## Action item
The records below are to be reproduced exactly, and no picture should appear in the copy.

## Exercise material
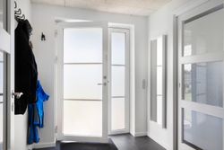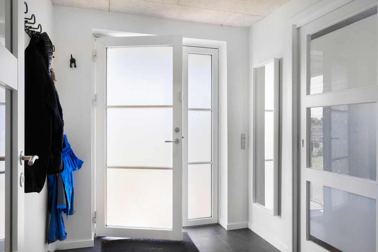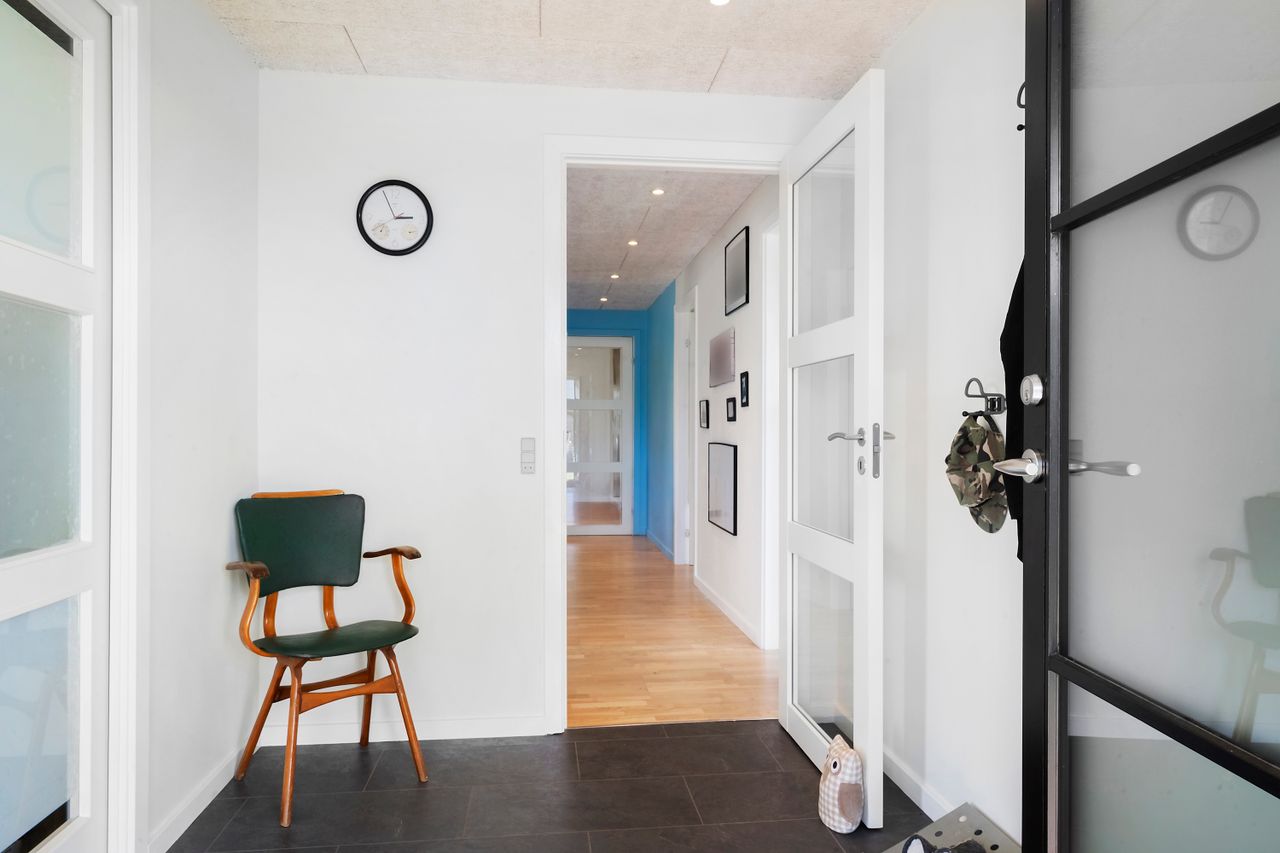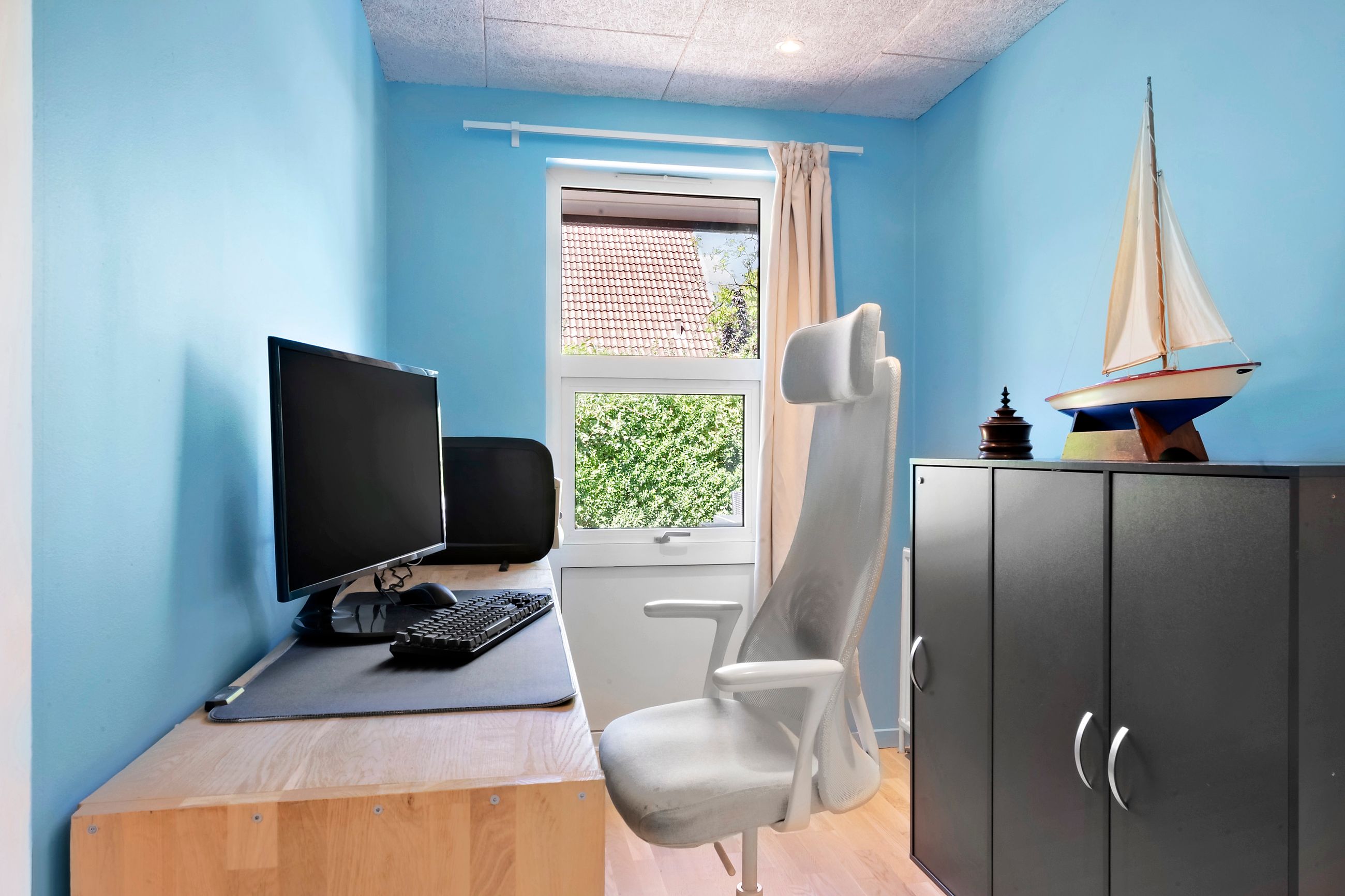 Den tidligere entré er i dag indrettet som et praktisk hjemmekontor med et dejligt lysindfald – perfekt til hjemmearbejde uden at gå på kompromis med roen.
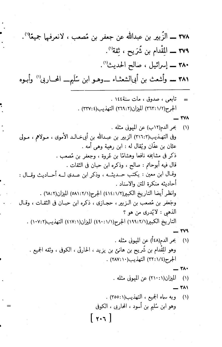 378 - الزبير بن عبد الله , عَن جَعْفَر بن مُصعب، لَا نعرفهما جَمِيعًا.
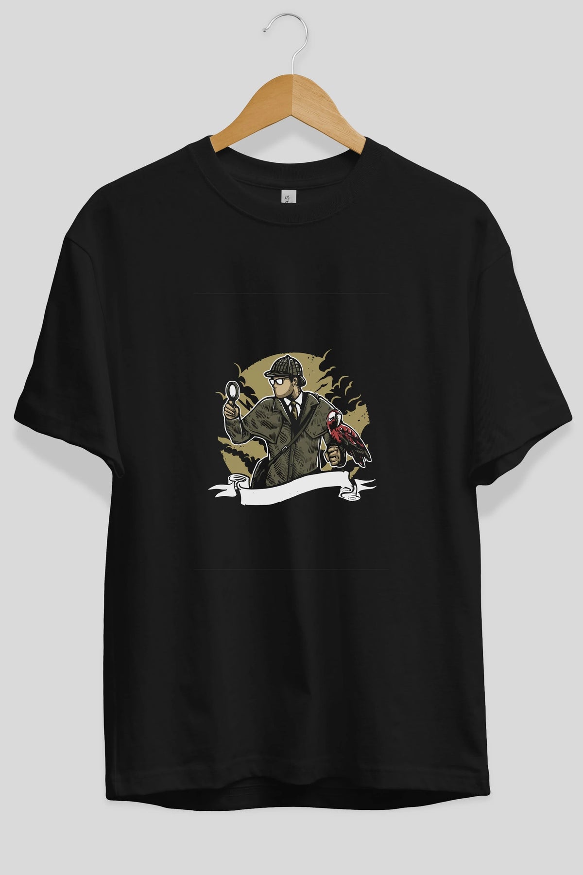 Sherlock Holmes Ön Baskılı Oversize t-shirt Erkek Kadın Unisex %100 Pamuk tişort
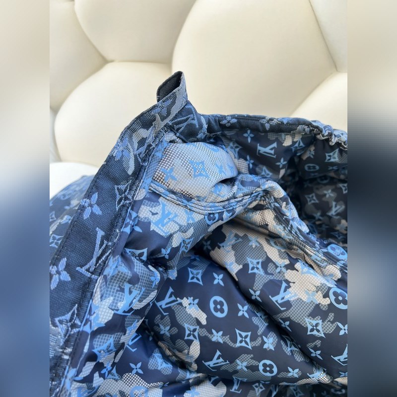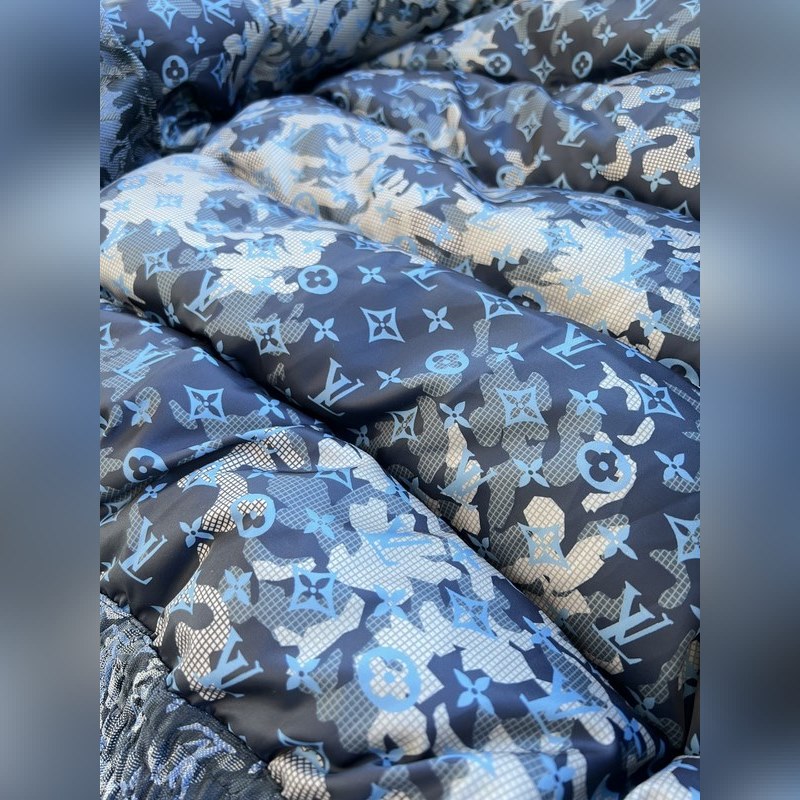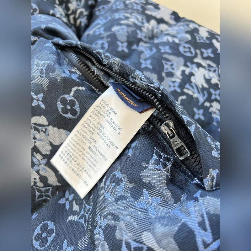 LV Ez a kapucnis kabát férfiak és nők számára egyaránt elérhető. Az őszi-téli sorozat Monogram Tapestry mintája jacquard mintává alakul, a mandzsetta és a derékrész rugalmas dizájnja pedig sportos stílust kölcsönöz. Az oldalzsebek cipzárral záródnak, a központi cipzár T-láncos cipzárhúzóval van ellátva. A 90%-ban fehér kacsapehellyel töltött jacquard szövés rendkívül nehéz. Csak az anyag testreszabása három hónapig tartott. A hardver kiegészítők mind csúcsminőségűek. Az általános stílus egyenes és széles. Ez egy ritka kabát stílussal és textúrával. Méretek S-M-L-XL
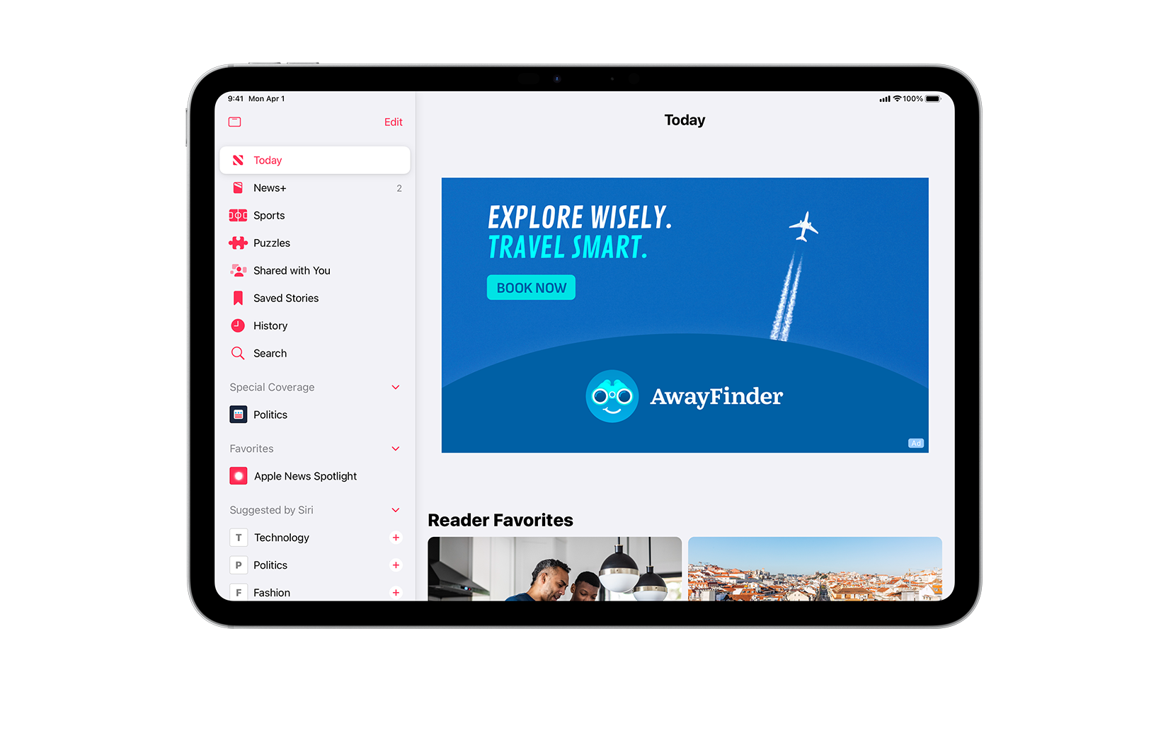 iPadでApple NewsアプリのTodayフィードが開いている。画面の上部にはサンプル旅行会社AwayFinderの広告が表示されている。
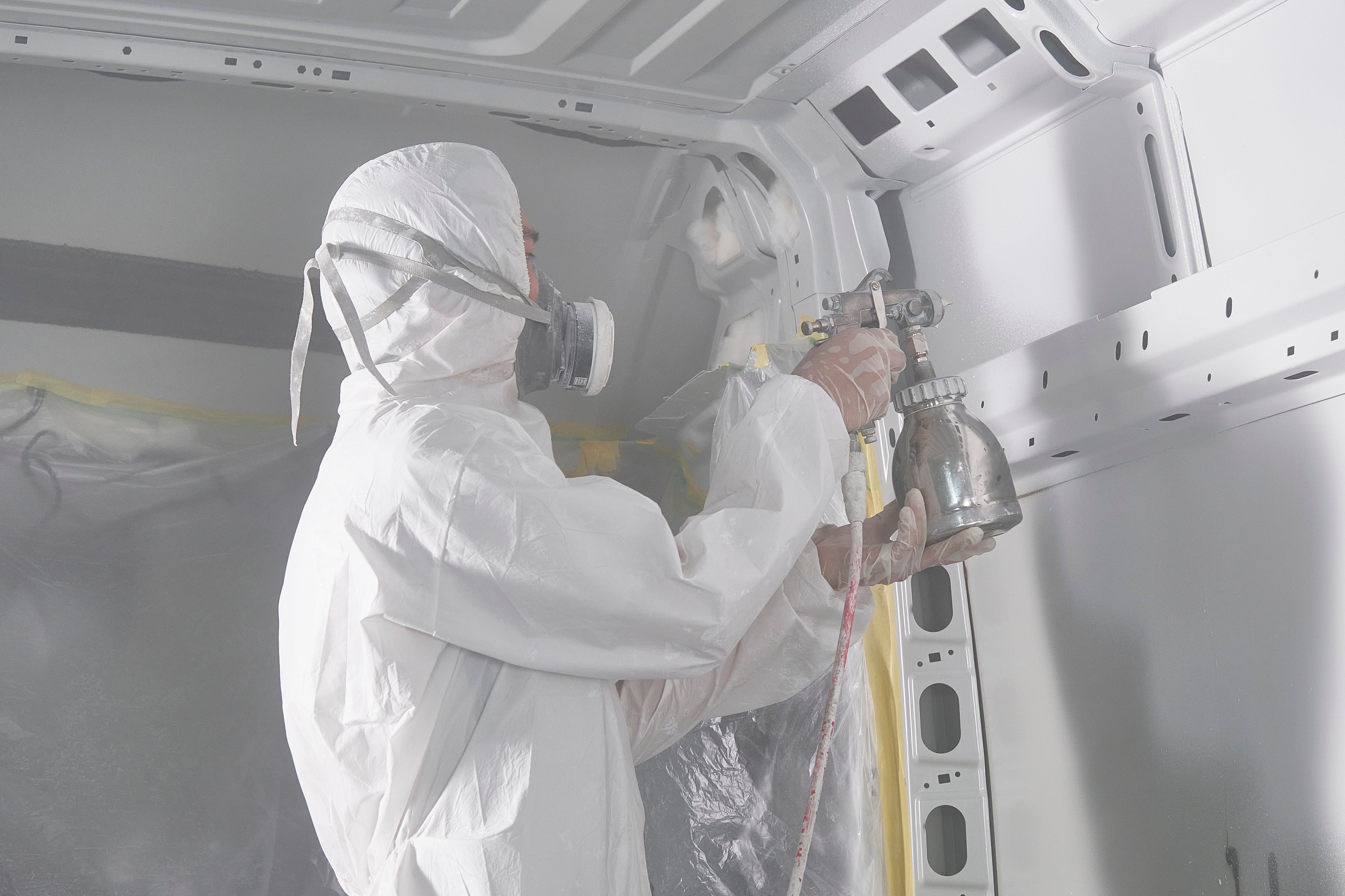 断熱セラミックGAINAを車体ボディ内部の細かい内側にまでスプレー塗装する事により、約0.8mmの非常に薄い塗膜で住宅用断熱材(グラスウール)100mm相当の高い断熱効果が得られます。

## Answer for the task
 Den tidligere entré er i dag indrettet som et praktisk hjemmekontor med et dejligt lysindfald – perfekt til hjemmearbejde uden at gå på kompromis med roen.
 378 - الزبير بن عبد الله , عَن جَعْفَر بن مُصعب، لَا نعرفهما جَمِيعًا.
 Sherlock Holmes Ön Baskılı Oversize t-shirt Erkek Kadın Unisex %100 Pamuk tişort
 LV Ez a kapucnis kabát férfiak és nők számára egyaránt elérhető. Az őszi-téli sorozat Monogram Tapestry mintája jacquard mintává alakul, a mandzsetta és a derékrész rugalmas dizájnja pedig sportos stílust kölcsönöz. Az oldalzsebek cipzárral záródnak, a központi cipzár T-láncos cipzárhúzóval van ellátva. A 90%-ban fehér kacsapehellyel töltött jacquard szövés rendkívül nehéz. Csak az anyag testreszabása három hónapig tartott. A hardver kiegészítők mind csúcsminőségűek. Az általános stílus egyenes és széles. Ez egy ritka kabát stílussal és textúrával. Méretek S-M-L-XL
 iPadでApple NewsアプリのTodayフィードが開いている。画面の上部にはサンプル旅行会社AwayFinderの広告が表示されている。
 断熱セラミックGAINAを車体ボディ内部の細かい内側にまでスプレー塗装する事により、約0.8mmの非常に薄い塗膜で住宅用断熱材(グラスウール)100mm相当の高い断熱効果が得られます。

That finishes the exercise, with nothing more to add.